What I now do when making sarnies is to grind the pepper directly onto the prepared bread (after buttering) and this way it is extremely easy to see how much pepper falls on the slice and also how evenly. Sometimes I 'pepper' both slices before making up the sarnie. If adding to a dish, sometimes grind the pepper onto a white plate until I have enough, then shake it off the plate (from a height) onto the food. B and I love pepper, so adding too much is not usually a problem, but better to start with the right amount, taste and then add more if necessary.
Jamie O. 'seasons the board' by spreading chopped herbs over the wood and then adding a sprinkle of both pepper and sea salt before rolling a fillet of beef across the board to pick it all up.
The other day I mentioned that salting meat before cooking is said to toughen the meat because it also draws out the juices, so myself only add salt (if at all) after cooking. When cooking dried (soaked) beans, salt should not be used as it toughens the skins.
The only two things that really do need salt added is the water that pasta is cooked in - this really does make a HUGE difference to the taste, as does a wee sprinkle of salt over boiled, scrambled or poached eggs.
Adding salt to the water prior to cooking vegetables is more to do with increasing the temperature of the water (impurities in water increase the temperature B tells me) as vegetables cook better at a higher heat than just plain boiling. This is why steaming veggies is so good - this also helping to retain soluble vitamins).

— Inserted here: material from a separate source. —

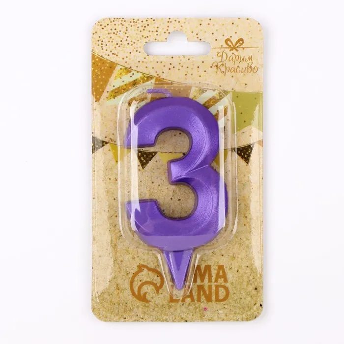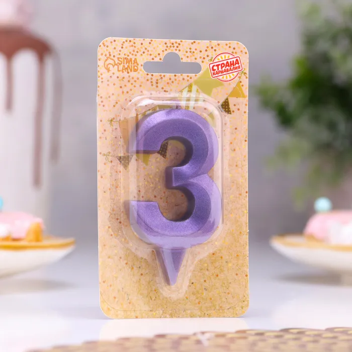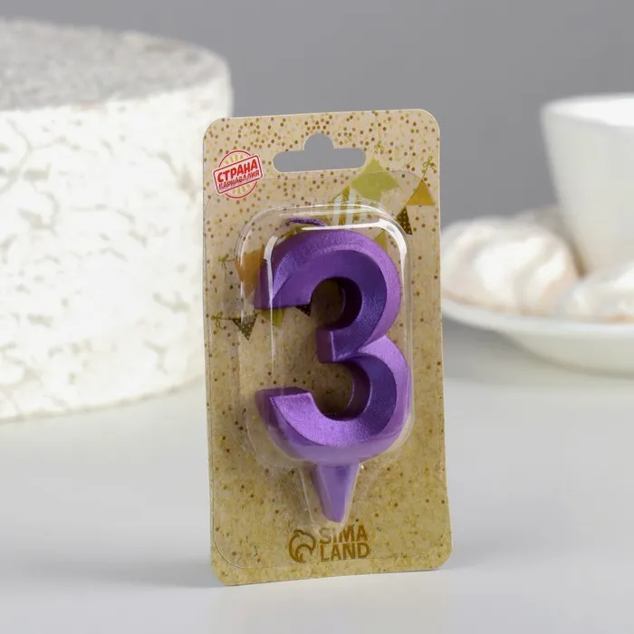 Свеча в торт «Грань», цифра 3, фиолетовый металлик, 6.5 см — Характеристики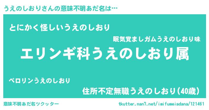 | 料理風あだ名 | 『うえのしおりごはん』 |

Just an additional tip: protein will cook at under boiling point (why tougher cuts of meat tenderis when cooked at a low temperature, and eggs will boil in barely simmering water) and veggies cook faster and taste better in superheated water, so better the twain never meat. Meat cooked in slow cooker usually needs the veggies part cooked before being added. Onions excepted, they cook happily with the meat.
Anyone who has made a soup from scratch will also realise that a pinch of salt helps to bring out the flavour of the ingredients used, so we should not dismiss salt too lightly, although we should never sprinkle it liberally over our meals as so many still do. We have been told so many times that salt is bad for us, although a small pinch of salt can make a great difference to the flavour of a dish, and in baking is necessary to make other ingredients work together correctly. What we have to do is look at the wider picture - when making a loaf of bread and adding the recommended amount of salt - after cutting, each slice will probably contain no more than two grains of salt(if that), and that is almost negligible. The same with soup - a pinch of salt in a big potful shared between many, is not really something we need to be concerned about.
It is WE - the cooks - who are in control of how much salt goes in what we make. We have no control over how much salt goes into canned and processed foods, ready-meals etc, that we may choose to buy. A product may say 'contains less salt (or sugar)' than (presumably) before, but how much did it contain then, and does less still mean more than it should?
If too much salt has been added to a soup or casserole, then add a peeled potato, and this will eventually absorb much of the salt and can then be taken out and discarded.